— Кто это тебе сказал?
— Все, все говорят, что с запрещением писать картины покончено и ты не можешь больше ничего указывать, и, если я расскажу, что ты тут наделал, художник так это не оставит. Что было, то прошло и не вернется, все это говорят, а я слышал и видел, что ты раньше делал, но теперь ты не имеешь права. Нечего тебе больше указывать дяде Нансену, я знаю, он может делать что хочет!
Он ударил. Я навзничь упал на песок и остался лежать, подогнув под себя ноги. Он угодил мне в подбородок. Второй удар только скользнул по щеке.

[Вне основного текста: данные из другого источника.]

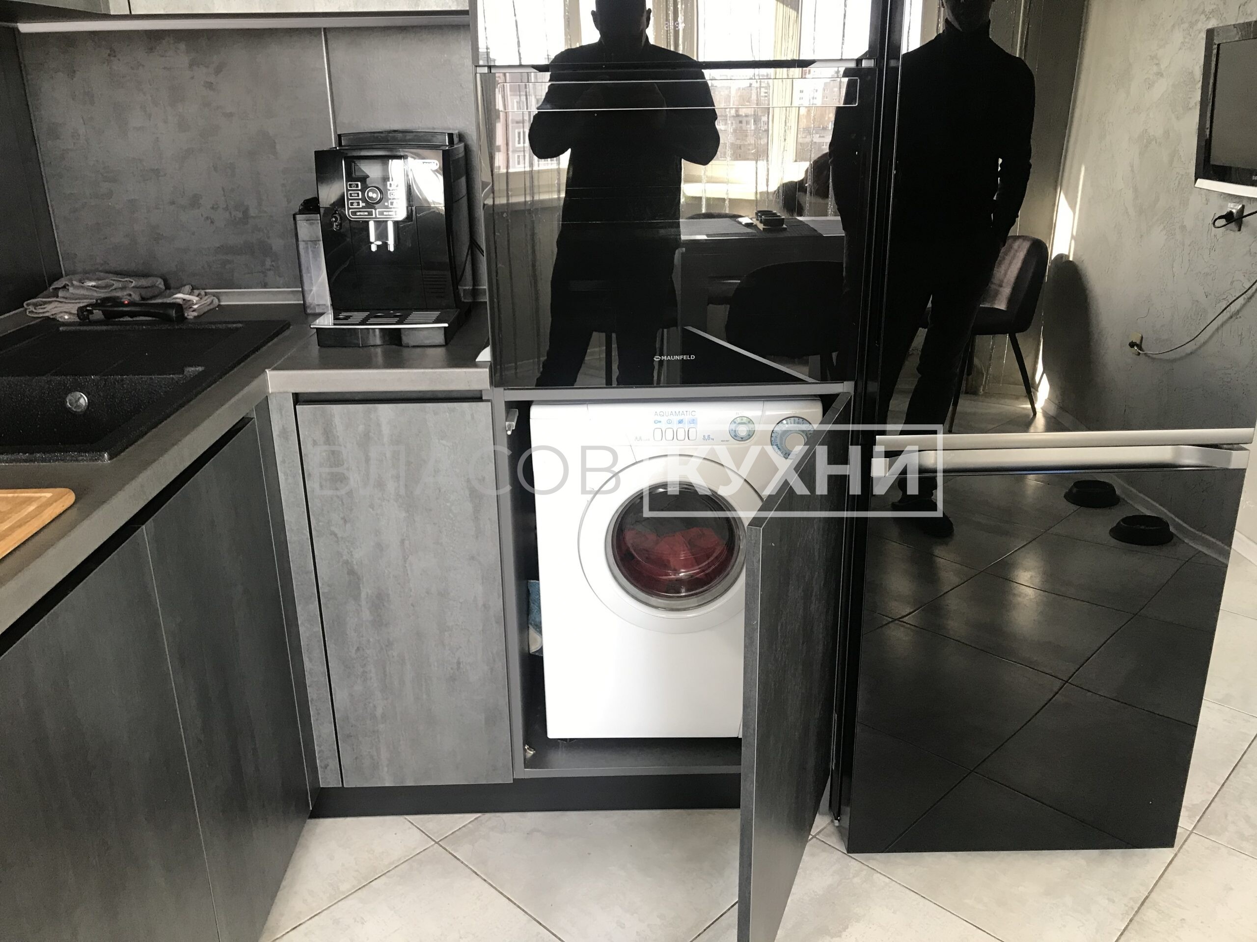 ▫️В тандеме с нашими заказчиками, получилась смелая, необычная, современная и модная Кухня в стиле Лофт. Вместили много встраиваемой техники, в том числе и отдельно стоящую стиральную машину под духовым шкафом. Отказались от стандартных ручек и поставили скрытый итальянский профиль Opes чёрного цвета.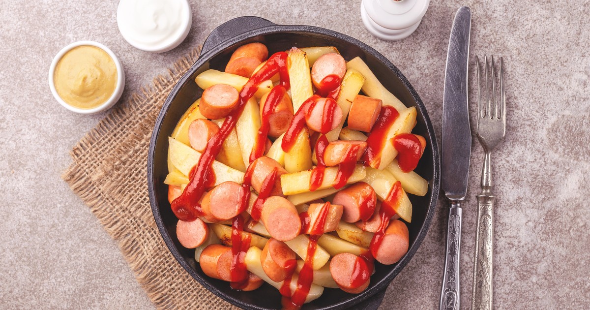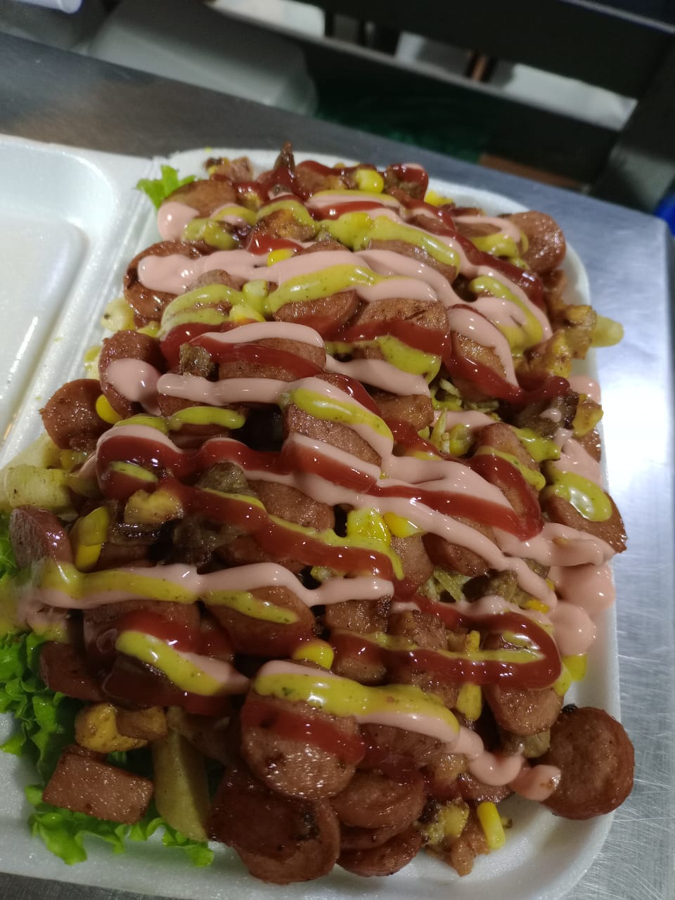 Papas a la francesa, Salchicha, Pollo, Carne picada, queso y Maiz

— Встань! — приказал он. Я продолжал лежать. Он схватил меня за ворот и поднял, подтянув мое лицо к своему, так что мне пришлось встать на цыпочки, касаясь его всем телом. Итак, медленное освидетельствование моих глаз, о, он в этом хорошо разбирался, тщательное исследование сетчатки, на этот раз я выдержал его взгляд, не уклонился, а прямо глядел в его суженные зрачки, мне нечасто приходилось видеть его так близко. Какой же он был морщинистый и какой мрачный, эта мрачность была ему даже к лицу, она оповещала, что ругбюльский полицейский не в ладу с миром.
— Вот как, — произнес он, — выходит, ты тоже что-то знаешь: стало быть, ты справлялся! Тебе известно, что разрешено. Ты точно знаешь, когда что-то начинается и когда кончается. И то, что сегодня все по-другому, чем раньше, от тебя тоже не укрылось. — Он ослабил хватку, оттолкнул меня, не очень сильно, не так, чтобы я потерял равновесие и упал. — Ты много слышал, — сказал он. — только одного не слыхал, что человек должен оставаться верен себе, должен выполнять свой долг, как бы ни изменилась обстановка, я имею в виду осознанный долг. А ты, стало быть, хочешь разболтать про то, что твой отец делает, потому что так велит ему долг, ладно, рассказывай каждому встречному-поперечному, донеси и ему, в Блеекенварф, где ты все время торчишь. Работай против отца. С Клаасом разделался, а с тобой и подавно разделаюсь. — Он поднял голову, сжатые губы его побелели, он скрипнул зубами. Оценивающе, без издевки, только оценивающе взглянул на меня. Неопределенно, как бы разговаривая сам с собой, взмахнул рукой: — Может, еще что скажешь?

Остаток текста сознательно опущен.